» ENTRIES PROVIDED
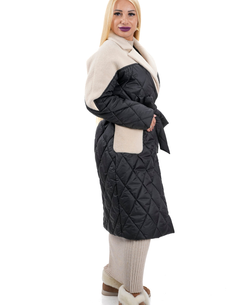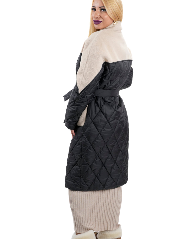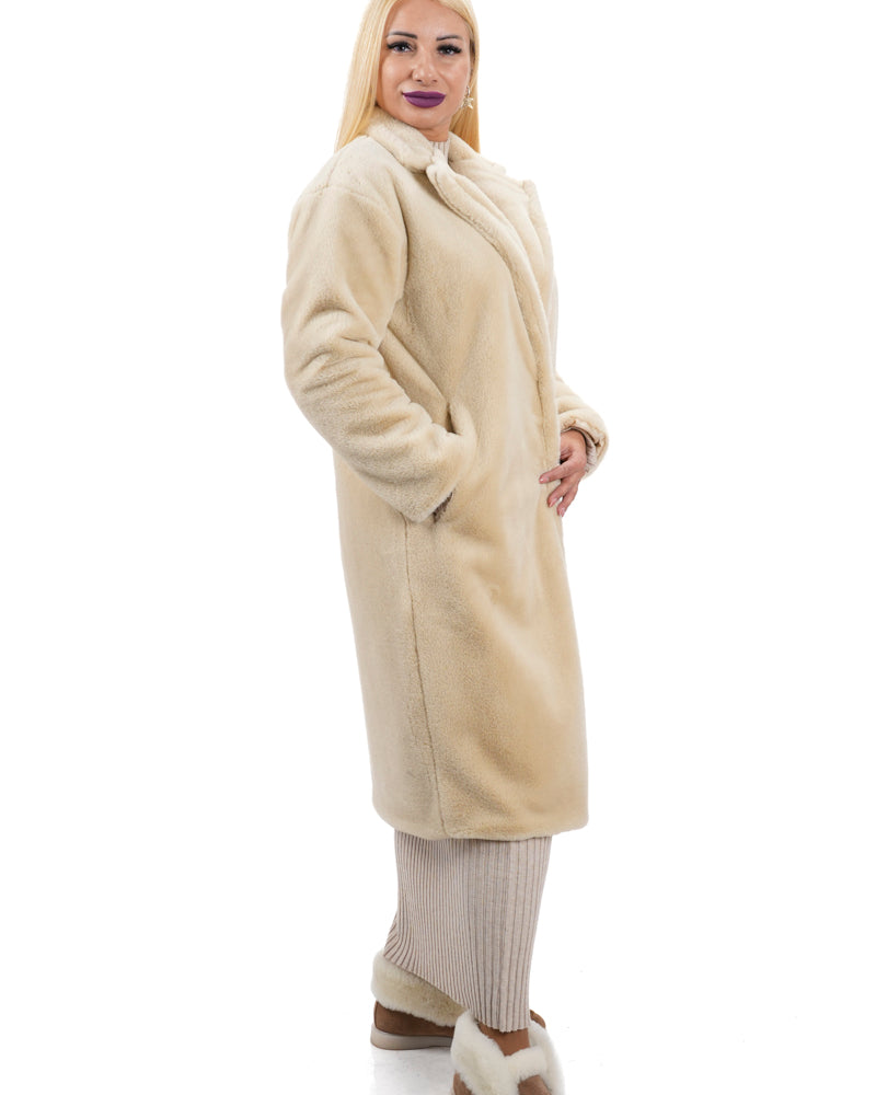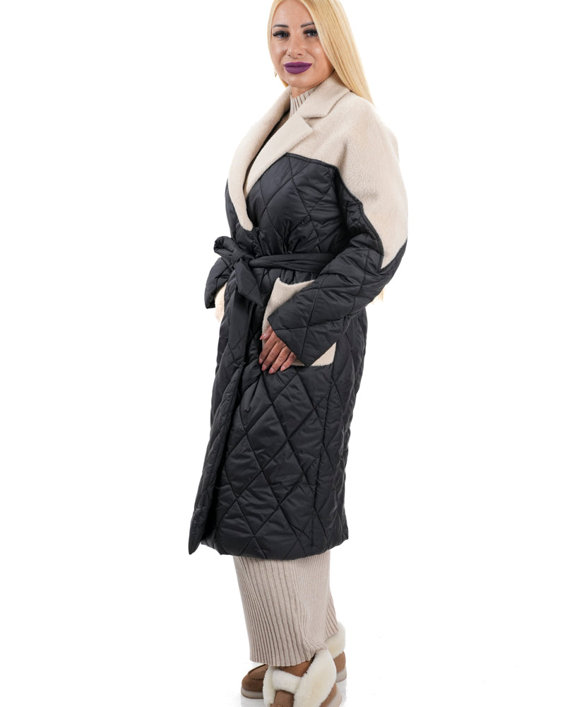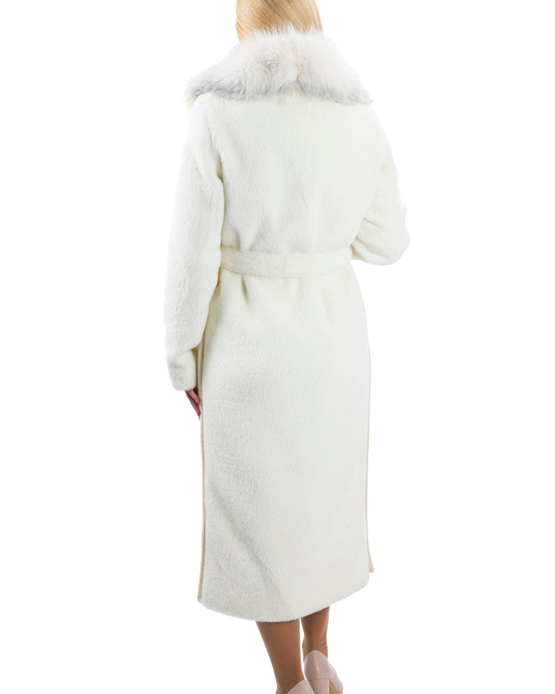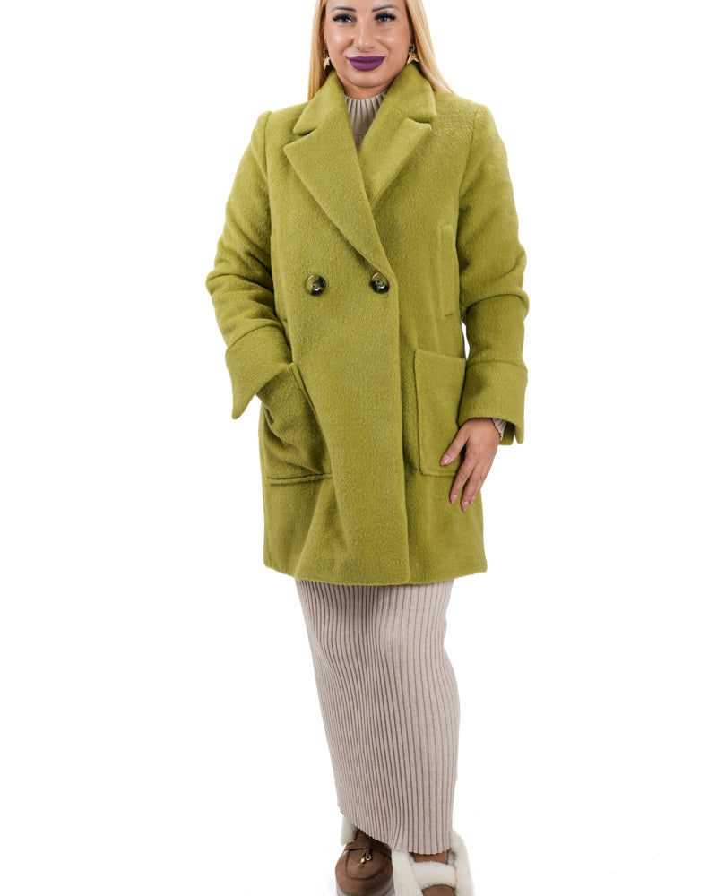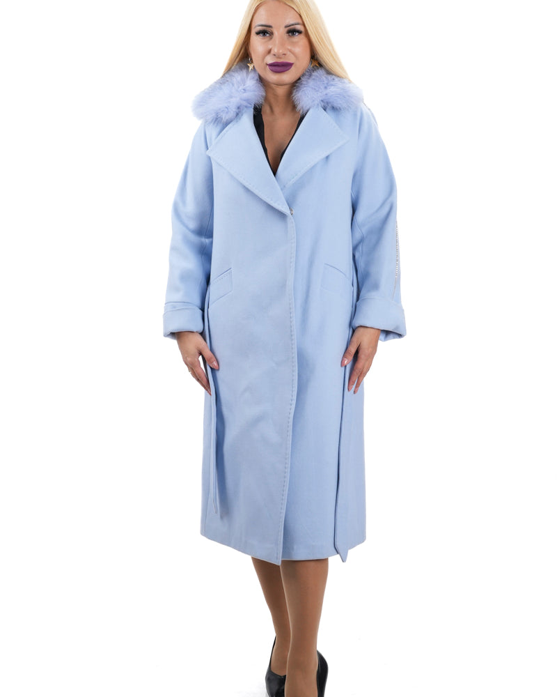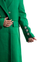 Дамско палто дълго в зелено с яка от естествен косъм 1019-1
* * *
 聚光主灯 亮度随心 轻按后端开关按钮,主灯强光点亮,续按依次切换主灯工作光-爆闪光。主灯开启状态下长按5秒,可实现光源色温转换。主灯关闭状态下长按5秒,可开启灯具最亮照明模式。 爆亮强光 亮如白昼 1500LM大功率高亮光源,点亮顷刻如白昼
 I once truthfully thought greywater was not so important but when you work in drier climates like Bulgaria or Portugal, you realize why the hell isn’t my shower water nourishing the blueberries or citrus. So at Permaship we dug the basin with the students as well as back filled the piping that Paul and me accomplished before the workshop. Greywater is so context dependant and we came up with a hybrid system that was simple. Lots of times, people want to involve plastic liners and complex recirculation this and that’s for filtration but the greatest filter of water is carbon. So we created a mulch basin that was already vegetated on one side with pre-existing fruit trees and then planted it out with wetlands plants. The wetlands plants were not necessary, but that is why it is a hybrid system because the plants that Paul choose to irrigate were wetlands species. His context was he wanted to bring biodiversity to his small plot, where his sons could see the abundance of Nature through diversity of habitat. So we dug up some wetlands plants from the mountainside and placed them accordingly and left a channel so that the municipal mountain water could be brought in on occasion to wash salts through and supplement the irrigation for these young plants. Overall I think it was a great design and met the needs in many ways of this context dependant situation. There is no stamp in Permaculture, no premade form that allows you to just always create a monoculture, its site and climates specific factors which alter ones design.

» WHAT YOU ARE ASKED TO DO
Retype exactly, and only, the lines above from the one where "爆亮强光 亮如白昼 1500LM大功率高亮光源,点亮顷刻如白昼" occurs up to and including the one where "I once truthfully" occurs.

» PROBLEM SOLUTION
 聚光主灯 亮度随心 轻按后端开关按钮,主灯强光点亮,续按依次切换主灯工作光-爆闪光。主灯开启状态下长按5秒,可实现光源色温转换。主灯关闭状态下长按5秒,可开启灯具最亮照明模式。 爆亮强光 亮如白昼 1500LM大功率高亮光源,点亮顷刻如白昼
 I once truthfully thought greywater was not so important but when you work in drier climates like Bulgaria or Portugal, you realize why the hell isn’t my shower water nourishing the blueberries or citrus. So at Permaship we dug the basin with the students as well as back filled the piping that Paul and me accomplished before the workshop. Greywater is so context dependant and we came up with a hybrid system that was simple. Lots of times, people want to involve plastic liners and complex recirculation this and that’s for filtration but the greatest filter of water is carbon. So we created a mulch basin that was already vegetated on one side with pre-existing fruit trees and then planted it out with wetlands plants. The wetlands plants were not necessary, but that is why it is a hybrid system because the plants that Paul choose to irrigate were wetlands species. His context was he wanted to bring biodiversity to his small plot, where his sons could see the abundance of Nature through diversity of habitat. So we dug up some wetlands plants from the mountainside and placed them accordingly and left a channel so that the municipal mountain water could be brought in on occasion to wash salts through and supplement the irrigation for these young plants. Overall I think it was a great design and met the needs in many ways of this context dependant situation. There is no stamp in Permaculture, no premade form that allows you to just always create a monoculture, its site and climates specific factors which alter ones design.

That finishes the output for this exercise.